Even though the results of these non-controlled trials should be interpreted with caution, the effectiveness of PAD in PAH suggests that targeting the autonomic nervous system (ANS) in PAH via an invasive method could be a viable therapeutic strategy. Sympathetic ganglion block is an experimental therapy that, like PAD, also targets the over-activation of the sympathetic nervous system. Superior cervical ganglion or stellate ganglion block using local injections of an anesthetic agent have been tested in rodent models of PAH, with encouraging results (Na et al. 2014). Finally, catheter-based renal artery denervation, an intervention that targets the activation of the sympathetic nervous system and the RAA system, has been tested in a canine (Qingyan et al. 2015) and a rodent (Liu et al. 2017) model of PAH, again with encouraging results.

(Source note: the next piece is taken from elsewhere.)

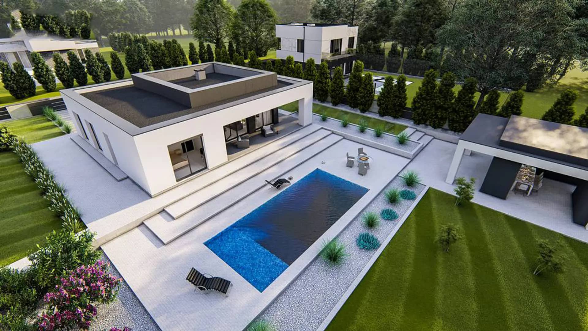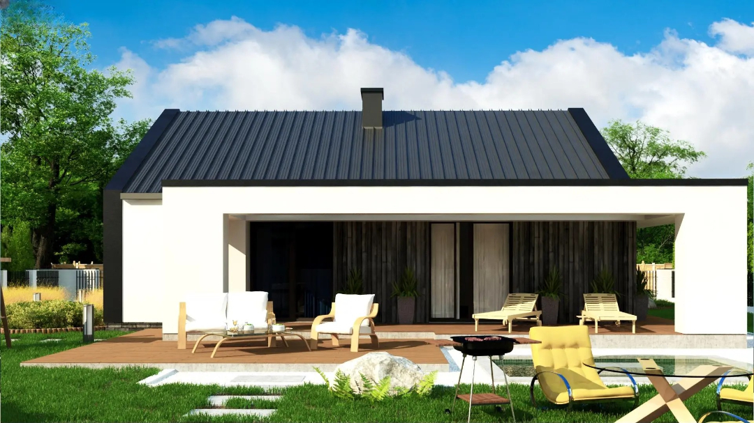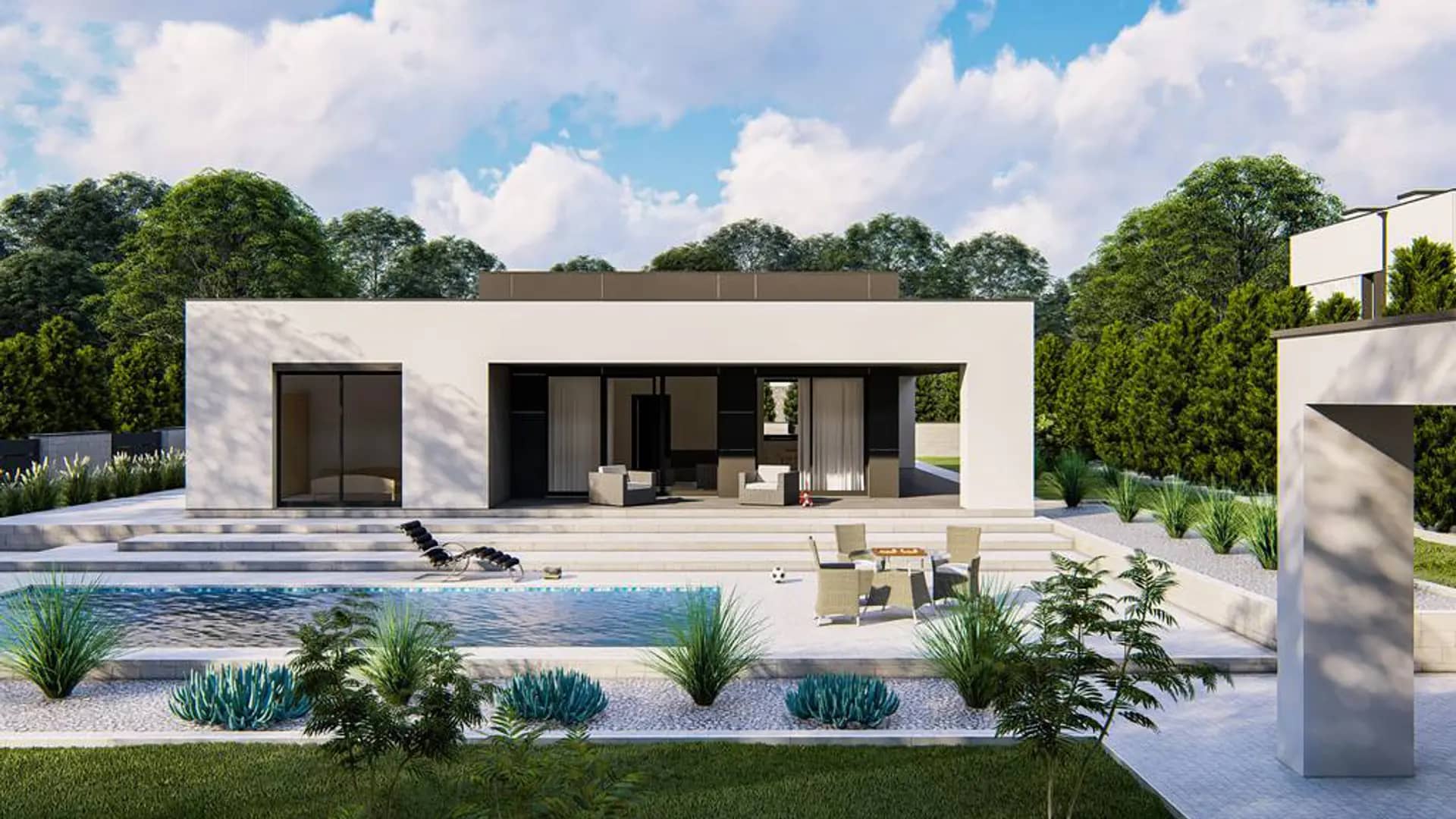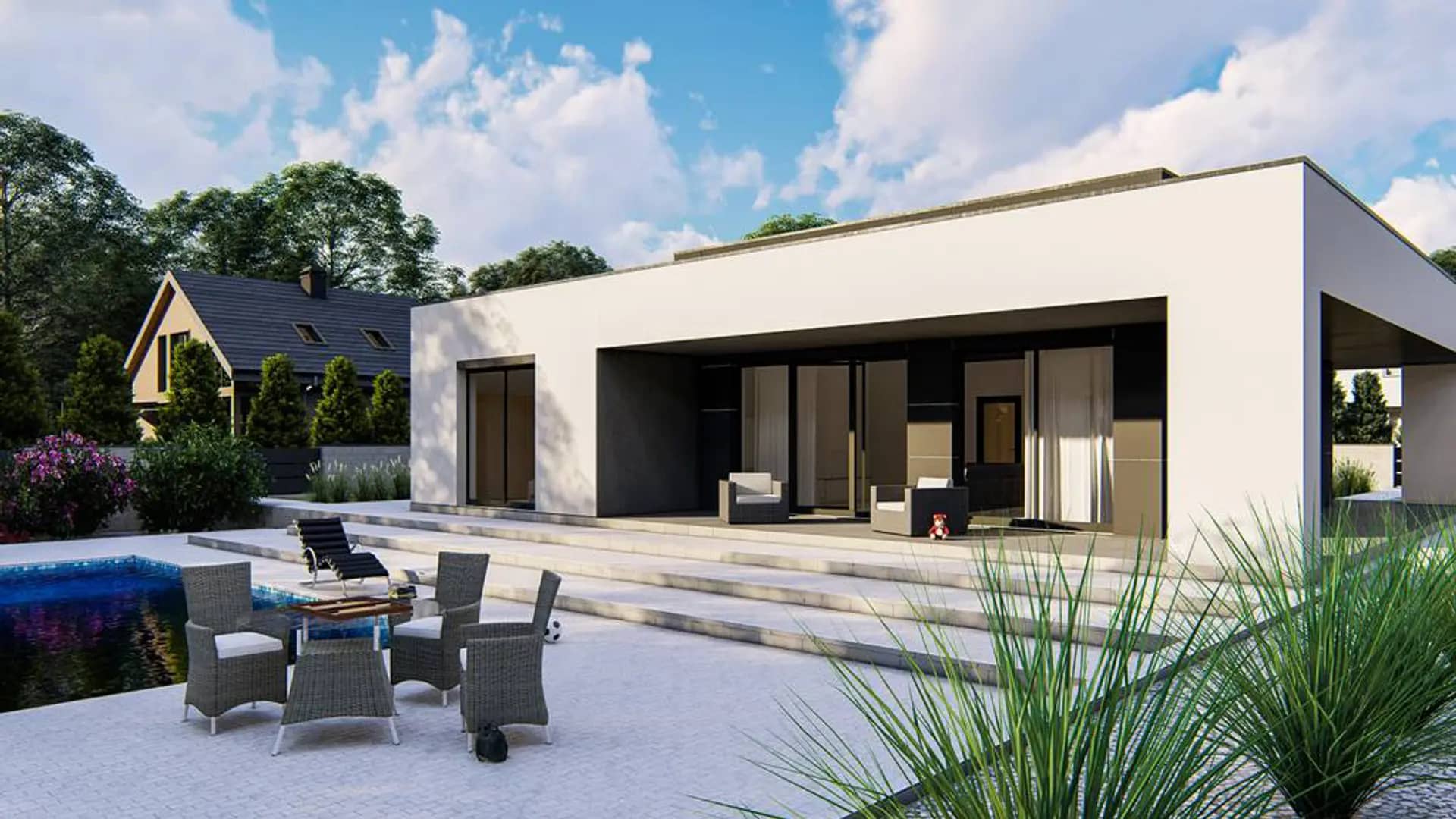 Стильный одноэтажный дом с плоской крышей и просторной террасой для отдыха.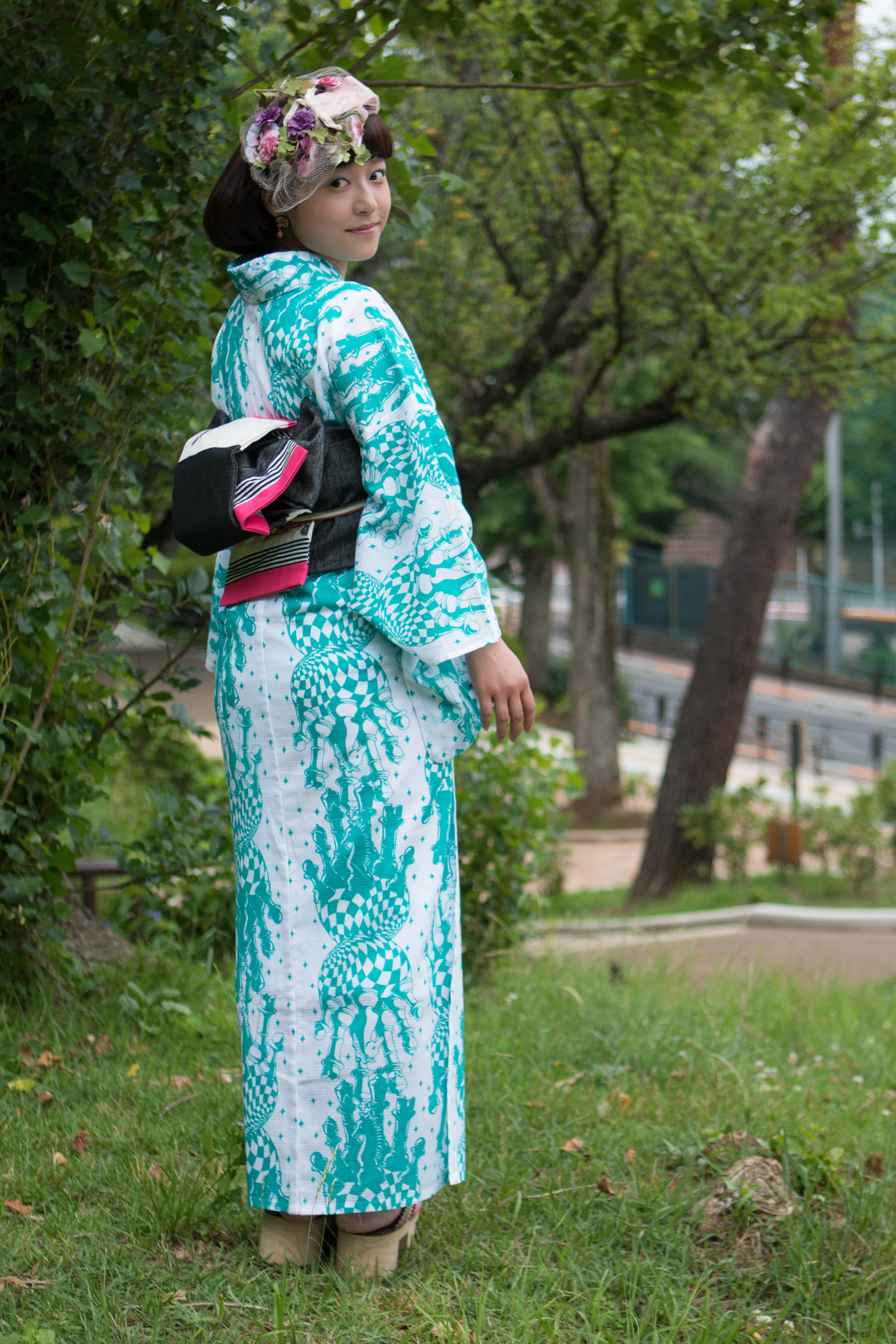 大好きな市松模様をベースに、仕立てた時に縦のラインが強調されてすっきり見えるようにデザインしました。

Drawbacks of these invasive approaches is that they are non-specific, since the ablation or block takes place without targeting specific branches or fiber types of the neural structures and that they are completely or partially irreversible (Table 1). This raises the possibility that a targeted, reversible method for modulating autonomic tone may be another viable, perhaps preferable, therapeutic approach in PAH.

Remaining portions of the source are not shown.